The slashing dive had the desired effect—the lead F-14 pilot jinked madly as he unleashed a parcel of flares and chaff, not quite sure what was coming at him. The decoys would have been more than enough to clear an enemy missile from his back—but Zen wasn’t an enemy missile. He curled Hawk One upward, angling toward the dark shadow of the Navy aircraft. The Tomcat’s variable geometry wings had flipped outward to increase aerodynamic lift, a sure sign to Zen the plane was caught flat-footed.
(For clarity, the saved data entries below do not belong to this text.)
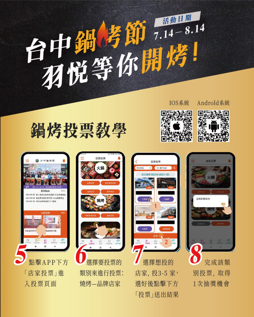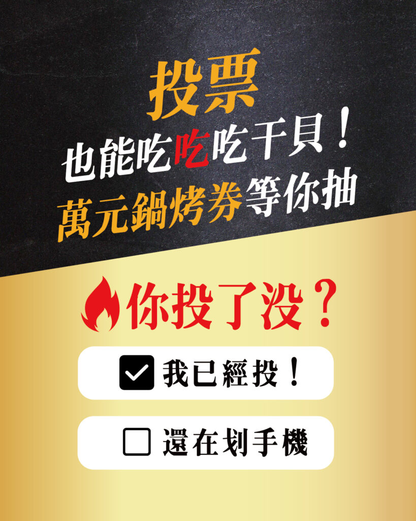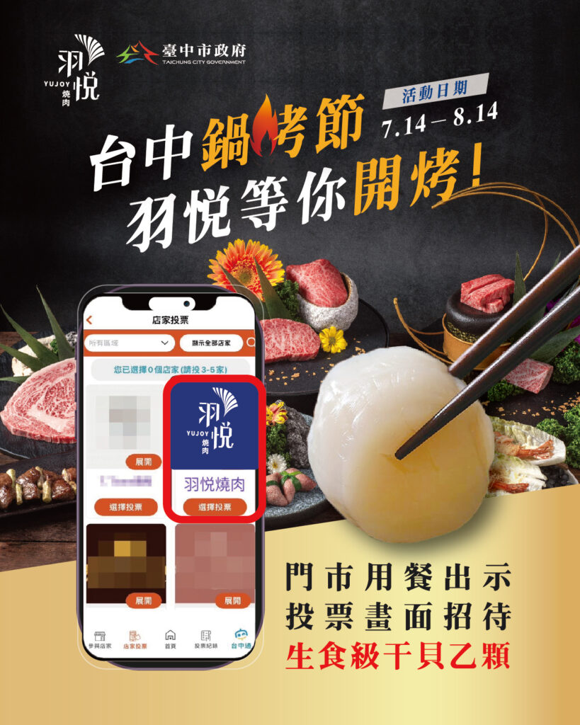 台中鍋烤節‧投票送干貝!還抽萬元鍋烤券 Play Pause Unmute Mute 台中鍋烤節 羽悅開烤啦! 一年一度投票活動開跑~ 現在幫 羽悅燒肉投票 直接送你一顆「日本生食級干貝」! 還能抽 萬元鍋烤券,吃爽爽! 還加碼抽汽車跟機票 怎麼投?: 打開《台中通APP》→台中鍋烤節 點「鍋烤品牌店家」→ 找 羽悅燒肉 投下你神聖又飢餓的一票! 活動時間:7/14 ~ 8/14 投票就送干貝一顆+抽萬元鍋烤券! 羽悅滿一歲了,謝謝每一位吃過、分享過、回來過的你。 你的每句「好吃」、每次支持,都是我們持續努力的理由。 快來幫羽悅撐腰! #羽悦燒肉 #鍋烤節 #台中鍋烤節 #投票送干貝 #萬元鍋烤券 #台中通APP #燒肉控集結 #台中燒肉 #公益路美食 #和牛 #抽獎
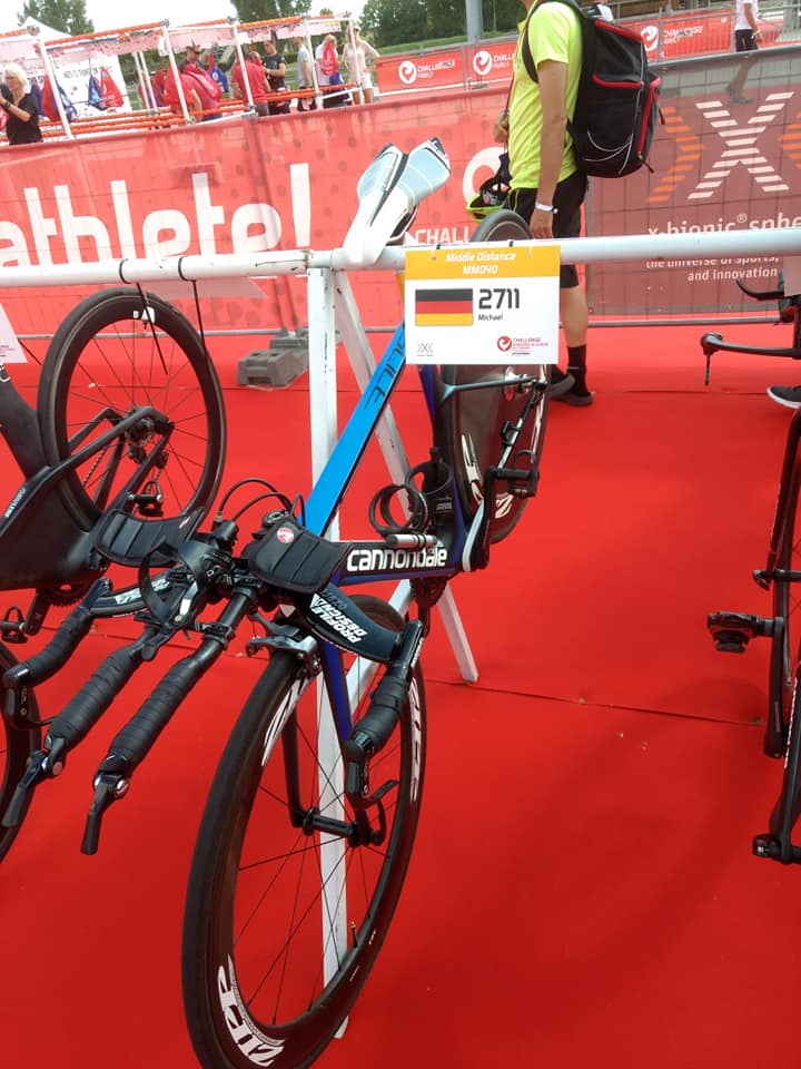 Am Wettkampftag wurde auf dem Hotelzimmer noch ein kleines, spartanisches Frühstück eingenommen und los ging es mit dem Auto in Richtung Samorin. Dort wurden dann in der Wechselzone die restlichen Wettkampfutensilien platziert, bevor es für Sandy um 9:30 Uhr losging. Das Profifeld startete bereits um 9:00 Uhr.
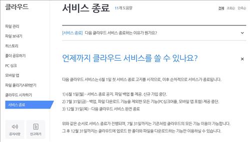 최종 서비스 종료일은 12월 31일이며 그전까지 기존 사용자들에게는 PC 파일 백업 전용 툴을 제공한다.
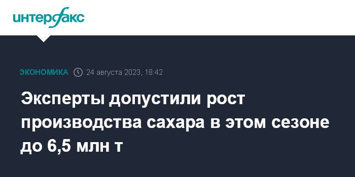 Эксперты допустили рост производства сахара в этом сезоне до 6,5 млн т
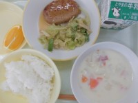 今日の給食の献立は、 ・ごはん ・和風ハンバーグ ・アスパラのごまだれ ・米粉シ...
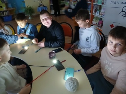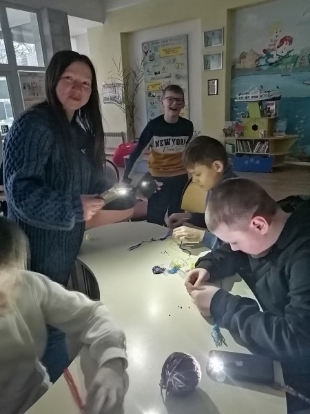 З нагоди Дня волонтера учні 5-Г класу разом із класним керівником Вітою Копитко відвідали Тернопільську Центральну дитячу бібліотеку, аби доєднатися до благодійної акції "Добро в серці". Діти познайомилися з Галиною Жук – народним майстром та волонтером. Саме вона провела цікавий майстер-клас із виготовлення шерстяних браслетів-оберегів для наших захисників. Також позитивних емоцій додали патріотична руханка та читання вголос. І навіть вимкнення електроенергії не зупинило нас, адже ми рятувалися від темряви за допомогою ліхтариків.
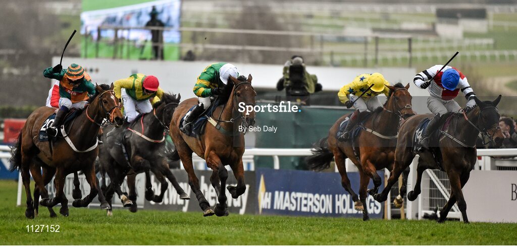 18 March 2016; On The Fringe, with Nina Carberry up, centre with white cap, on their way to winning the St. James’s Place Foxhunter Steeple Chase Challenge Cup. Prestbury Park, Cheltenham, Gloucestershire, England. Picture credit: Seb Daly / SPORTSFILE
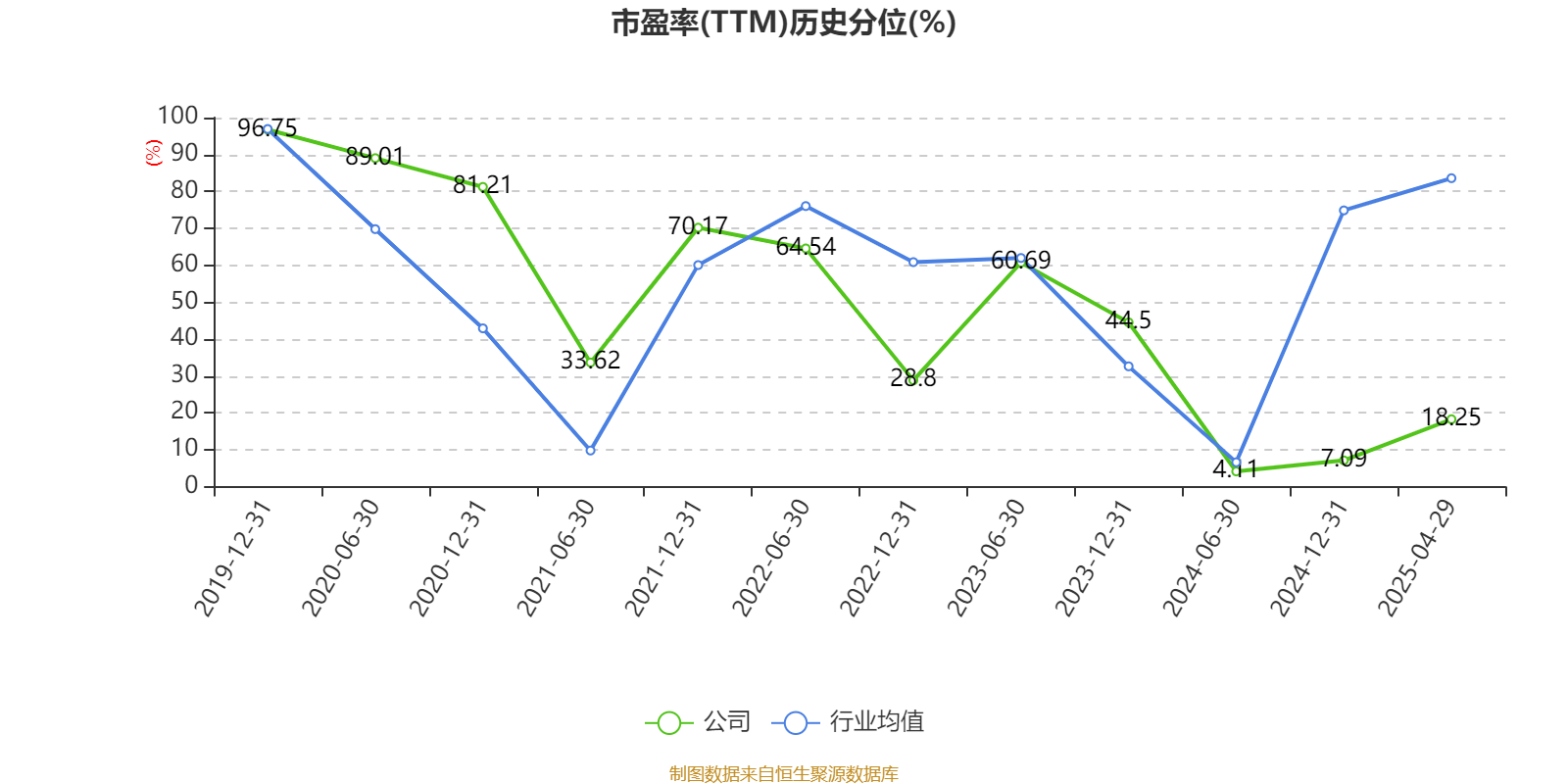 市盈率、市净率为负时,不显示当期分位数,会导致折线图中断。
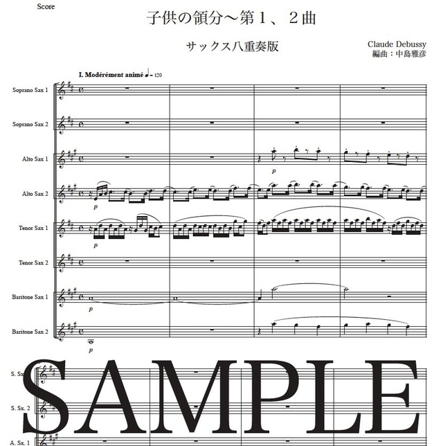 ドビュッシー「子供の領分~第1,2曲」サックス八重奏版 コンビニプリント対応
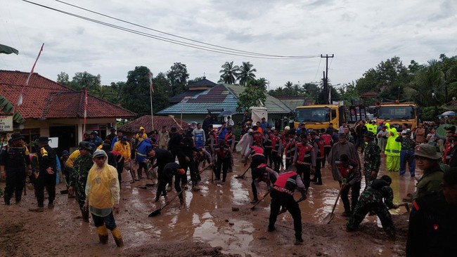 Pihak Dinas PUPR Provinsi Banten sendiri telah menurunkan alat berat ke lokasi. Pembersihan sisa material yang tidak bisa diangkat oleh alat berat dilakukan secara gotong royong bersama masyarakat.
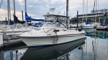The 23 foot Grady White Gulfstream is widely known as the best 23 foot fishing boat on the water. With its wide beam and open layout, it feels like a way bigger boat! Our Gulfstreams are expertly equipped with new 300hp Yamaha engines complimented by 9.9hp trolling motors with aft steering. The boats have top of the line fishing gear and our perfect west coast fishing boats. There is a flush toilet inside the cabin. Our Grady White Gulfstreams can accommodate 1-4 guests.
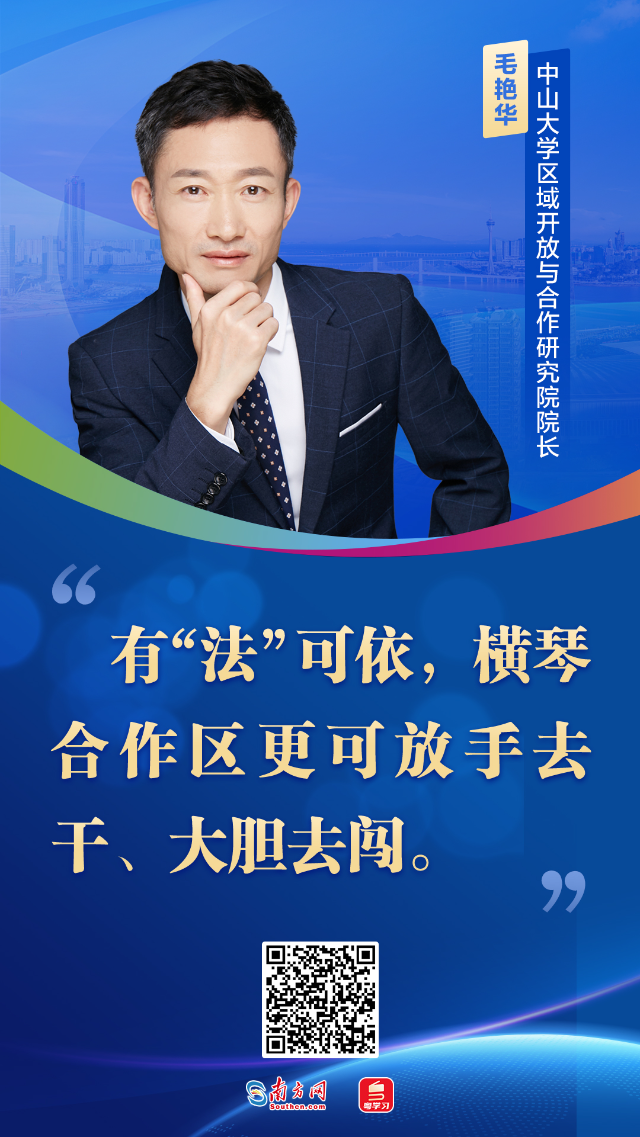 毛艷華:這幾年,橫琴、前海、南沙三個(gè)重大合作平臺(tái)相關(guān)的政策法規(guī),都釋放出激勵(lì)改革創(chuàng)新的信號(hào),此次出臺(tái)的《條例》亦然。
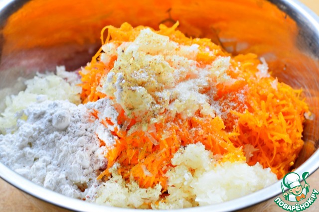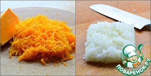 • Тыкву натереть на мелкой терке (приведен вес уже очищенного овоща)
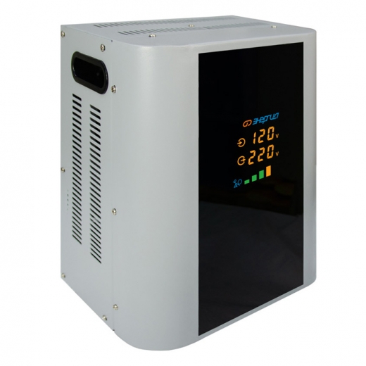 Принцип работы – комбинированный сервоприводно-релейный – в зависимости от напряжения сети. В диапазоне 105-144 В – релейный, а в диапазоне 144-256 В – сервоприводный. Сервоприводному принципу стабилизации присуща высокая точность, поскольку плавная регулировка позволяет добиться минимальных отклонений выходного напряжения от эталонного значения в 220 В. Релейный же принцип работы обеспечивает высокую скорость регулировки и расширяет рабочий диапазон входного напряжения.
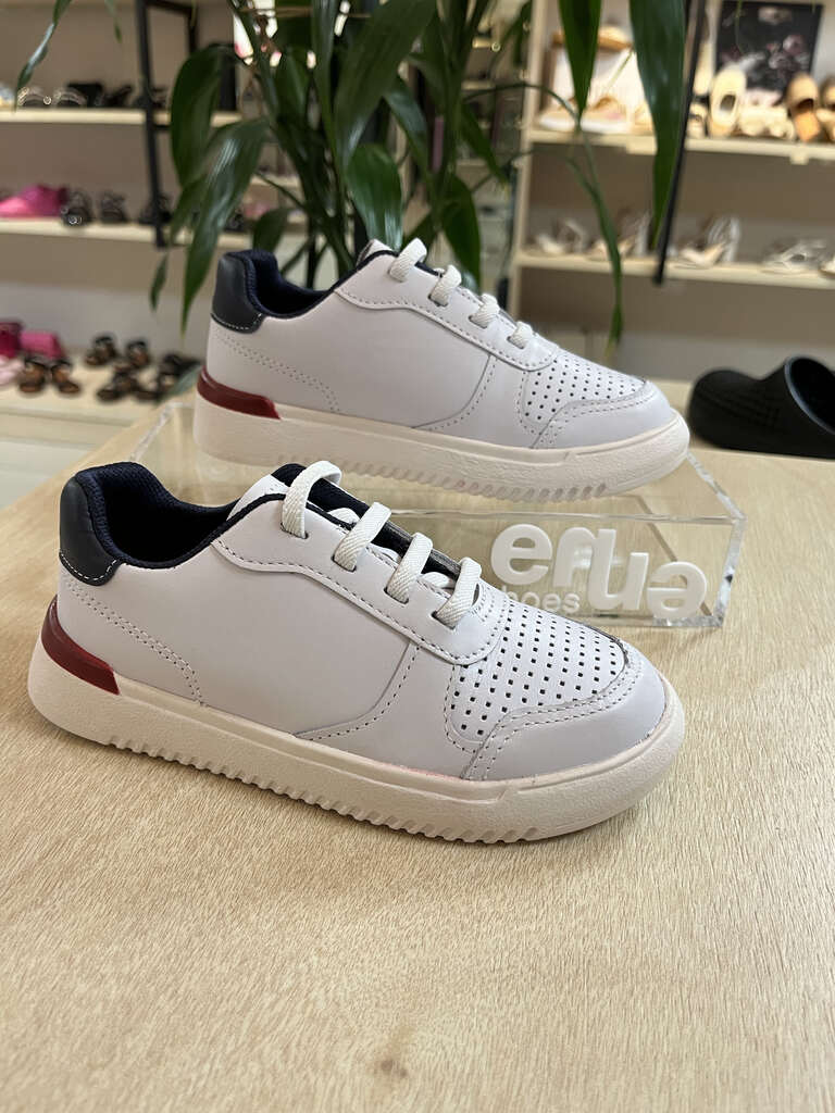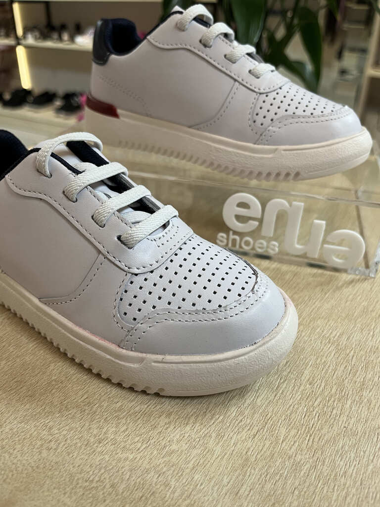 Tênis Infantil Bibi de Couro Branco com Azul New Way
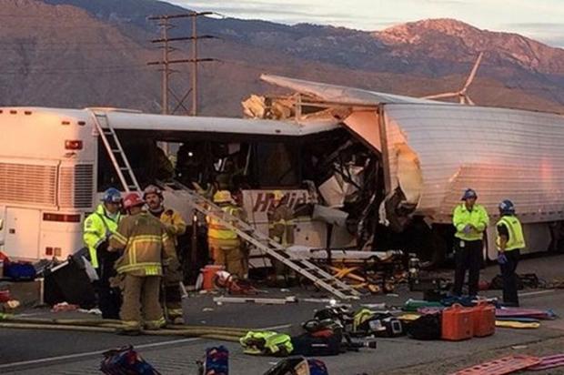 Nhà chức trách địa phương cho hay, xe buýt đã đâm vào xe tải gần Palm Springs, cách thành phố Los Angeles khoảng 100 dặm về phía đông. Hình ảnh từ hiện trường cho thấy phần đầu của xe buýt đã bị phá hủy.
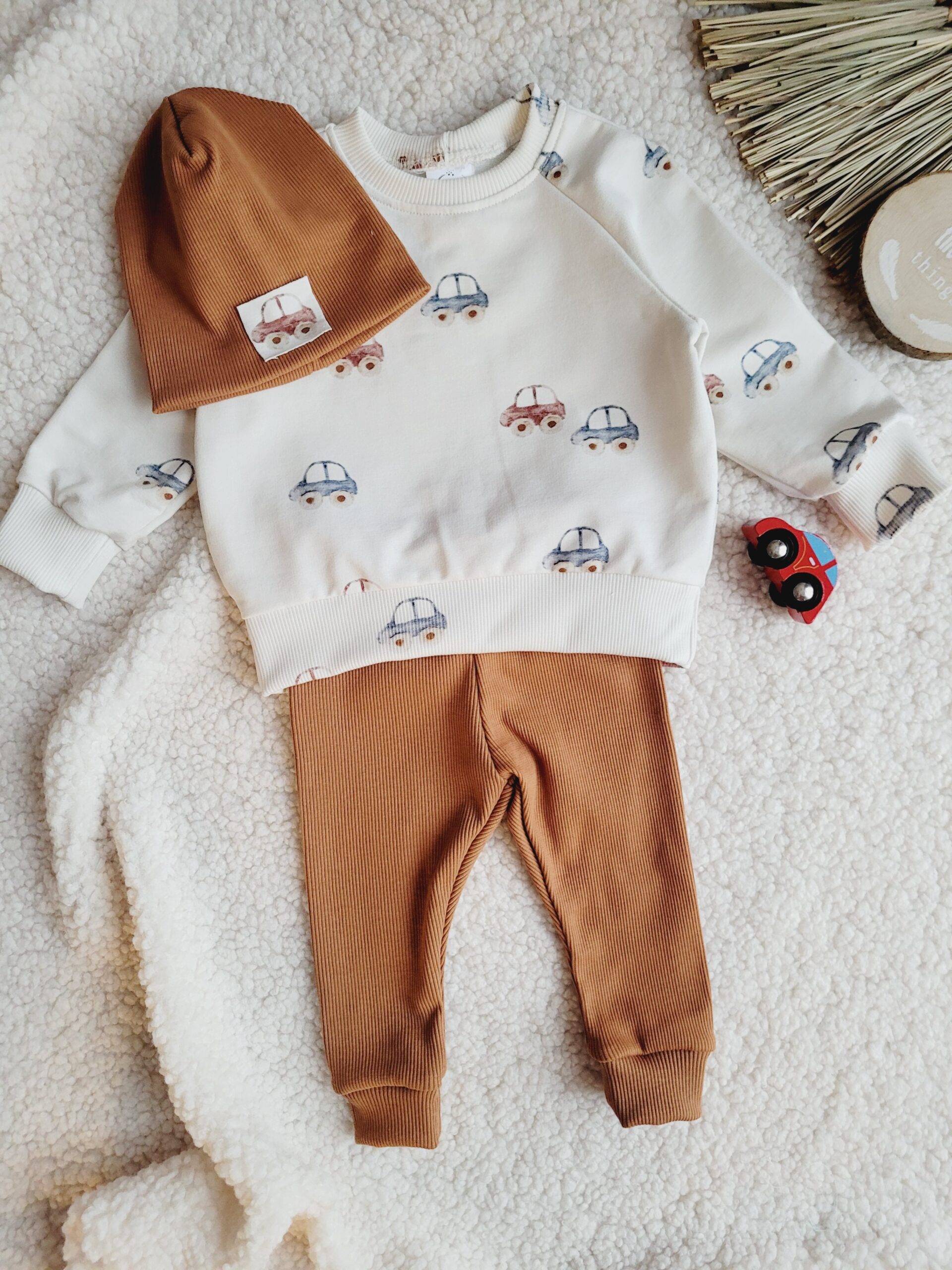 Dziecięce legginsy prążkowane w kolorze cynamonowym w rozmiarach 56-122.
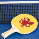 This dragon rampant design in red was inspired by various heraldic red dragons.
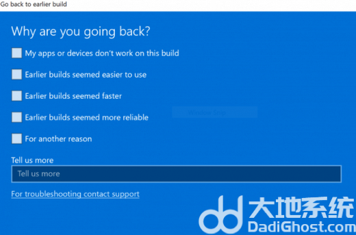 第 3 步:您可以指定要返回 Windows 10 或旧版本的 Windows 的原因。选择任何原因,然后单击下一个。

He pressed his attack into the Tomcat’s belly even as it upgraded GE F110’s spit red fire, the massive turbines winding to push the plane away.
Had this been a “real” encounter, the Navy pilot might have escaped—an ol’ big block Pontiac Goat could beat a slammed Civic off the line any day of the week, and Zen at best could have gotten only a half-dozen shots into the belly of the accelerating beast—not nearly enough to bring her down, barring ridiculous luck. But the computers keeping score took the U/MF’s chronically optimistic targeting gear at its word. According to its calculations, something over a hundred 20mm shells raked the Navy plane’s fuselage and wings, turning it into a mass of flame and metal.
“Score one for the AF,” said the event moderator blandly, circling above in a P-3 Orion. “Nirvana Tomcat One splashed.”